═════ Supplied data

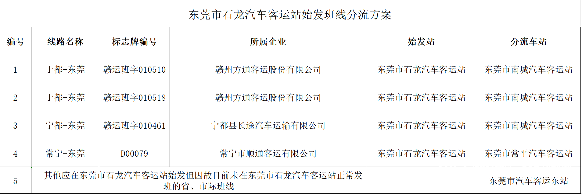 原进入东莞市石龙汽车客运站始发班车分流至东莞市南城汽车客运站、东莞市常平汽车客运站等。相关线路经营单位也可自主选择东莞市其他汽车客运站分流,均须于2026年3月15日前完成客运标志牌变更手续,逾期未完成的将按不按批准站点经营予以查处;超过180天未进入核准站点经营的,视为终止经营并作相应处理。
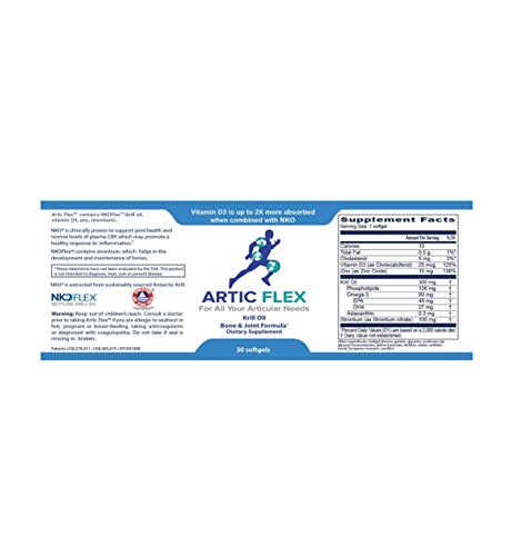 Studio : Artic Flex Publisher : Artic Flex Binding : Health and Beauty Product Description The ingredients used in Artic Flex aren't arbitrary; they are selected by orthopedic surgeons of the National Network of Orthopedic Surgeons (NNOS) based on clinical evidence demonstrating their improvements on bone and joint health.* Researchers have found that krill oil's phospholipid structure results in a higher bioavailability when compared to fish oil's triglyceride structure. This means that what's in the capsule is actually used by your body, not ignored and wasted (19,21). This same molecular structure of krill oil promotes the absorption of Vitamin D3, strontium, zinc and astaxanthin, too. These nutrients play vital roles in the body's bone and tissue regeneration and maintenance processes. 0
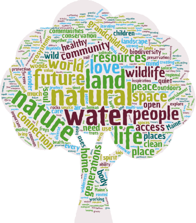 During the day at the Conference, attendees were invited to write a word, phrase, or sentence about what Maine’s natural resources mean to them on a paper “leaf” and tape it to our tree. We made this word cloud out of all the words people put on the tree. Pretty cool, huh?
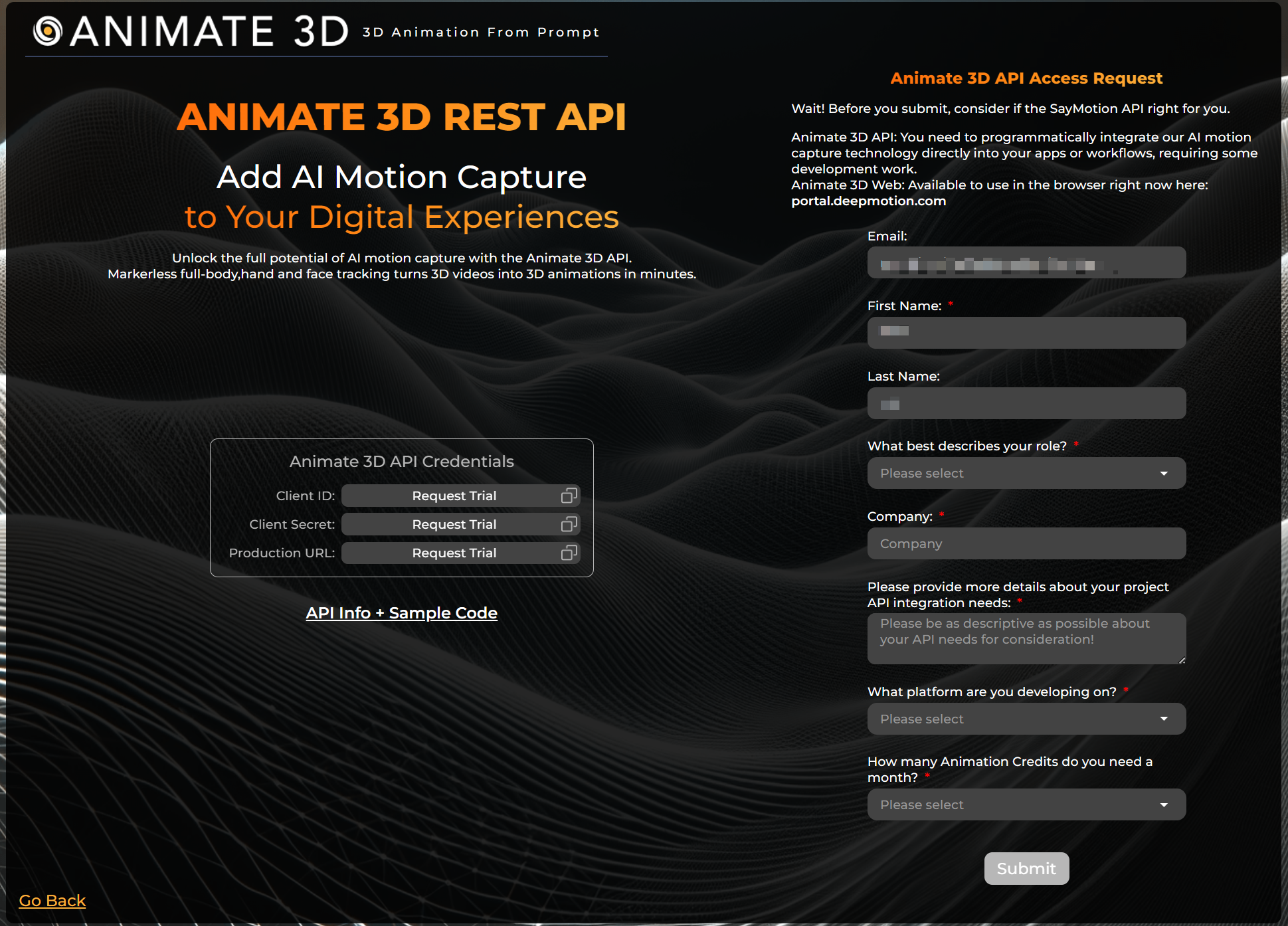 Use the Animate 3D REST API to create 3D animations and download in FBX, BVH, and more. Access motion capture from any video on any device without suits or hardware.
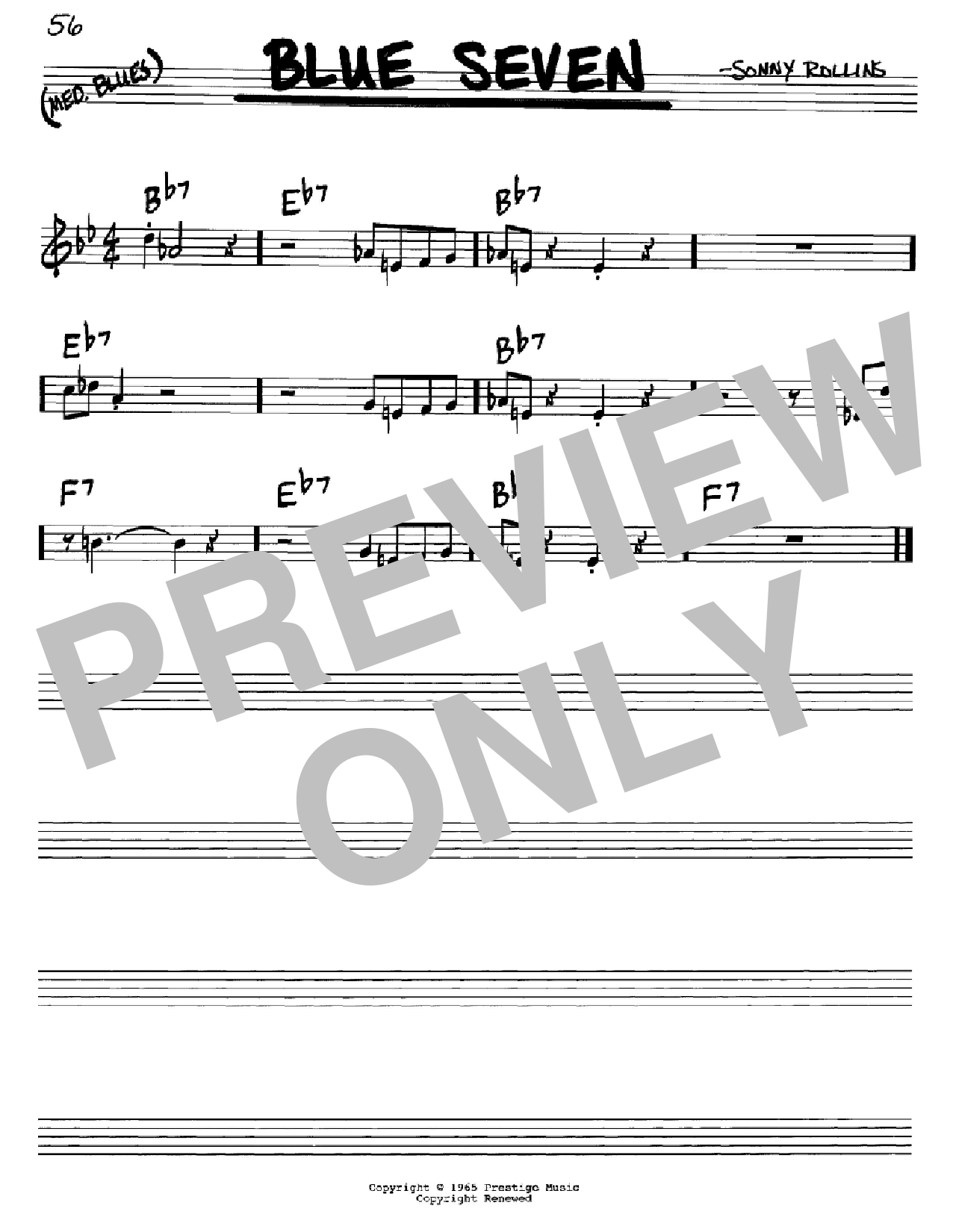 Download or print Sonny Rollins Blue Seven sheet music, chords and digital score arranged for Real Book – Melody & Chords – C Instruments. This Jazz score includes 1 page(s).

══════════

* Assignment:
Begin at the line with "Use the Animate" and end at the last line of the data above. Reproduce those lines exactly, but not the pictures.

* Finished exercise:
 Use the Animate 3D REST API to create 3D animations and download in FBX, BVH, and more. Access motion capture from any video on any device without suits or hardware.
 Download or print Sonny Rollins Blue Seven sheet music, chords and digital score arranged for Real Book – Melody & Chords – C Instruments. This Jazz score includes 1 page(s).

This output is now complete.